Even after an order is placed, the time it takes to deploy our products and complete consulting engagements can vary widely. Implementing our product can take several months, depending on the customer’s needs, and may begin only with a pilot program. It may be difficult to deploy our products if the customer has complicated deployment requirements, which typically involve integrating databases, hardware and software from different vendors. If a customer hires a third party to deploy our products, we cannot be sure that our products will be deployed successfully.

 

We face intense competition, which may lead to lower prices for our products, reduced gross margins, loss of market share and reduced revenue

 

The markets for business intelligence software, analytical applications and information delivery are intensely competitive and subject to rapidly changing technology.

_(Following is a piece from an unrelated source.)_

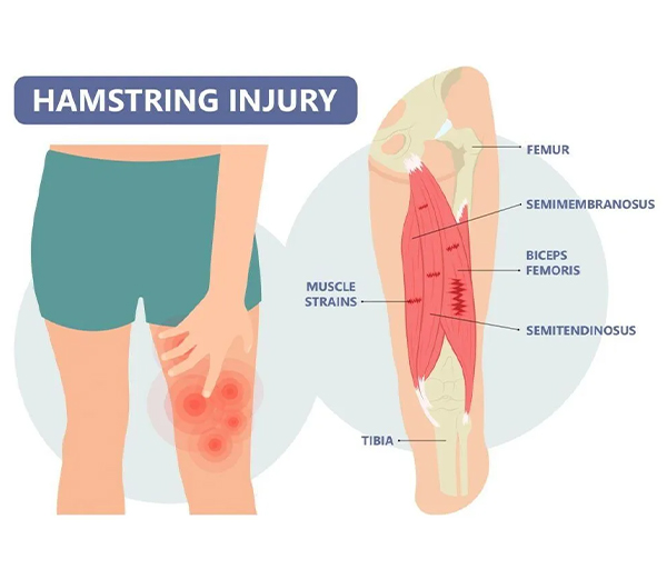 Localised Pain: Hamstring strains are usually caused by insufficient warm-up before exercise or overexertion (exceeding the body’s capacity), leading to muscle fibre damage and causing localised pain.

In addition, many companies in these markets are offering, or may soon offer, products and services that may compete with MicroStrategy products.

 

MicroStrategy faces competitors in several broad categories, including business intelligence software, analytical processes, query and web-based reporting tools, and report delivery. Our competitors that are primarily focused on business intelligence products include, among others, Actuate, Business Objects, Cognos, Hyperion Solutions, Information Builders and the SAS Institute. We also compete with large software corporations, including suppliers of enterprise resource planning software that provide one or more capabilities competitive with our products, including IBM, Microsoft, Oracle, SAP AG and others.

 

Many of our competitors have longer operating histories, significantly greater financial, technical, marketing or other resources, and greater name recognition than we do. In addition, many of our competitors have strong relationships with current and potential customers and extensive knowledge of the business intelligence industry. As a result, they may be able to respond more quickly to new or emerging technologies and changes in customer requirements or devote greater resources to the development, promotion and sale of their products than we can. Increased competition may lead to price cuts, reduced gross margins and loss of market share. We may not be able to compete successfully against current and future competitors and the failure to meet the competitive pressures we face may have a material adverse effect on our business, operating results and financial condition.

 

Current and future competitors may also make strategic acquisitions or establish cooperative relationships among themselves or with others. By doing so, they may increase their ability to meet the needs of our potential customers. Our current or prospective indirect channel partners may establish cooperative relationships with our current or future competitors. These relationships may limit our ability to sell our products through specific distribution channels. Accordingly, new competitors or alliances among current and future competitors may emerge and rapidly gain significant market share. These developments could limit our ability to obtain revenues from new customers and to maintain technical support revenues from our installed customer base.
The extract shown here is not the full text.